The Judiciary in Brazil has faced for many years the difficult task of resolving the growing number of lawsuits that are filed in the courts every day. According to the most recent survey by the National Justice Council (CNJ), Brazilian courts closed the year 2015 with almost 74 million lawsuits pending, an increase of approximately 20% in six years. Many of these lawsuits have very similar causes, which were filed separately by thousands of people seeking the same relief, based on a single theory of law that is repeated in all of them. These are called "repetitive demands".
To deal with this problem, the new Code of Civil Procedure (CPC) introduced a series of tools with the objective of rationalizing the treatment of repetitive demands. Among them, the Incident of Resolution of Repetitive Demands (IRDR) has been subject to much attention, which allows for the selection of a "pilot case", representative of the recurring controversy and whose judgment will serve as a mandatory parameter for the resolution of other similar cases. Regulated by articles 976 to 987 of the Brazilian Code of Civil Procedure, an IRDR can be instituted whenever there is effective repetition of cases on the same issue of law and risk of offense to isonomy and legal certainty. Once the incident has been admitted, the court will stay (for up to one year) the progress of all similar cases pending in that jurisdiction. The decision reached should be observed in all other cases that deal with that issue of law. In a little more than a year of validity of the new Brazilian Code of Civil Procedure, some 21 thousand matters have already been stayed due to the establishment of an IRDR.
In addition to facilitating and accelerating the resolution of repetitive demands, IRDRs ensure predictability by preventing substantively identical cases from being decided differently. For large litigants, in general companies dealing with class actions, such as banks, retailers, telephone companies, among others, the novelty certainly has significant impacts, since the decision rendered in the pilot case affects not only the stayed cases, but also those that will be brought in the future. Therefore, this creates a parameter for definition of strategy in companies with a large volume of cases, including with respect to the provisioning of resources.

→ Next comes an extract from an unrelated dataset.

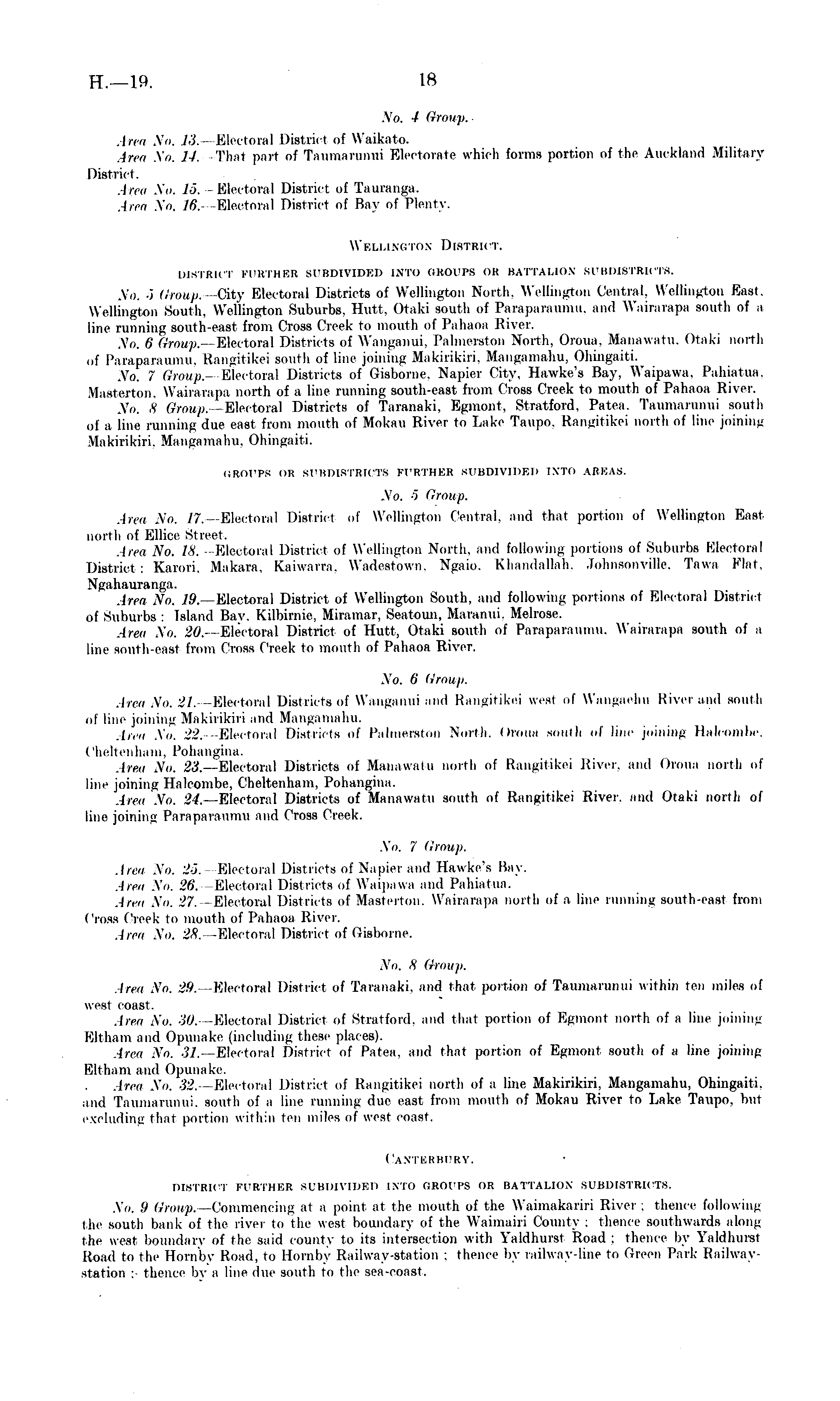 No. 1 thou/). Area So. 13. Electoral District of Waikato. Area No. 14. Thai part of Taumarunui Electorate which forms portion of the Auckland Military District. Area So. 15. Electoral District of Tauranga. Area So. 16. Eleotoral District of Ray of Plenty. Wellington District, district further subdivided into groups ob battalion subdistricts. No. ■> Crimp. City Electoral Districts of Wellington North. Wellington Central. Wellington Fasl. Wellington South. Wellington Suburbs. Hutt. Otaki south of Paraparaumu. and Wairarapa south of a line running south-east from Cross Creek to mouth of Pahaoa River. No. Ii Group. Electoral Districts of Wanganui. Palmerston North, Oroua. Manawatu. Otaki north of I'araparauniii. Rangitikei SOUth of line joining Makirikiri. Mangamahu, Ohingaiti. So. 7 (Iron/).- Electoral Districts of (iisborne. Napier City. Hawke's Bay. Waipawa. I'ahiatua. Masterton. Wairarapa north of a line running south-east from Cross Creek to mouth of Pahaoa River. No. 8 Group. Electoral Districts of Taranaki. Egmont, Stratford. Patea. Taiiniariinui south of a line running due east from mouth of Mokarj River to Lake Taupo. Rangitikei north of line joining Makirikiri. Mangamahu, Ohingaiti. GROUPS oil SUBDISTRICTS FURTHER SUBDIVIDED INTO AREAS. .Yo. 5 Croup. Area No. 17. - Electoral District of Wellington Central, and thai portion of Wellington Fast north of Ellice Street. Area No. IS. Electoral District of Wellington North, and following portions of Suburbs Electoral District : Karori. Makara. Kaiwarra. Wadestown. Ngaio. Khandallah. .lolinsonville. Tnwa Flat. Ngahauranga. Area So. I!/. Electoral District of Wellington South, and following portions of Electoral District of Suburbs : Island Bay, Kilbirnie. Minimal. Seatoun. Maranui. Melrose. Area So. 20. Electoral District of Hutt, Otaki south of Paraparaumu, Wairarapa south of a line south east from Cross Creek to mouth of Pahaoa River. No. 6 Crou/j. Area So. :'l. Electoral Districts of Wanganui and Rangitikei west of Wangaehii River and south of line joining Makirikiri and Mangamahu. Area So. 22. Electoral Districts of Palmerston North. Oroua south of line joining Haloombe, I helienhani. I'ohangiiia. Area So. 23. —Electoral Districts of Manawatu north of Rangitikei River, and Oroua north of line joining Halcombe. Cheltenham. Pohangina. Area No. 21.— Electoral Districts of Manawatu south ol Rangitikei River, and Otaki north of line joining Paraparaumil and Cross Creel;. No. i Group. Area So. 2-J. Electoral Districts of Napier and Hawke's Bay. Area So. 26. Electoral Districts of Waipawa and Pahiatua. Area So. 27. Electoral Districts of Masterton. Wairarapa north of a line running south-east from Cross Creek to mouth of Pahaoa River. Area So. 28. -Electoral District of Gisborne. No. S (houp. Area So. 2V. Electoral District of Taranaki. and that portion of Taumarunui within ten miles of west coast. Area So. -if). -Electoral District of Stratford, and that portion of Egmont north of a line joining Eltham and Opunake (including these places). Area So. 31.— Electoral District of Patea. and that portion of Egmont south of a line joining Kb ham and (Ipunake. Area So. :',2. Electoral District of Rangitikei north of a line Makirikiri. Mangamahu. Ohingaiti. and Taumarunui. south of a line running due east from mouth of Mokau River to Lake Taupo. but excluding that portion within ten miles of west coast. Canterbury. district further subdivided into groups or battalion subdistrictB. No. U Croup. Commencing at a point at the mouth of the Waimakariii River: thence following the south fiank of the river to the west boundary of the Waimairi County : thence southwards along the west boundary of the said county to its intersection with Yaldhurst Road : thence by Yaldhurst Road to the Hornby Road, to Hornby Railway-station : thence by railway-line to Green Park Railwaystation ; thence by a line due south to the sea-coast.

Because it is a new mechanism in the Brazilian legal system, a number of practical questions have arisen and it is natural that IRDRs must be improved until they become an effective tool in the treatment of repetitive litigation in Brazil. An example of recent debate is the discussion that reached the Superior Court of Justice (STJ) regarding the role of IRDRs in the higher courts. Strictly speaking, the Brazilian Code of Civil Procedure provides for IRDRs only in the courts of justice and federal courts of appeal, but there is no provision that prevents them from being used in the Federal Supreme Court and in the Superior Court of Justice in cases in which, for example, these courts have original jurisdiction.
The controversy began to be analyzed recently by the Special Court of the Superior Court of Justice, in the decision on Petition No. 11,838. The reporting judge in that case, Justice Laurita Vaz, defended the restriction of IRDRs to the courts of justice and federal courts of appeal, leaving the higher courts responsible only for reviewing the merits of an IRDR when one of the parties files a special or extraordinary appeal before these courts. Justice Napoleão Nunes, on the other hand, advocated the full possibility of initiating an IRDR before the Superior Court of Justice, only reserving the scenarios in which the Superior Court has already affected an appeal in defining a theory on the issue of law under debate. This line of reasoning was followed by Justice Luis Felipe Salomão. The ruling has not yet been completed, due to the request for review made by Justice João Otávio de Noronha.
The text of the rule gives space for both understandings because, while it does not expressly authorize the initiation of an IRDR before a higher court, it also does not prohibit or prevent it anywhere in its text. Hence the relevance of the ruling in question in delimiting the use of IRDRs in specific situations.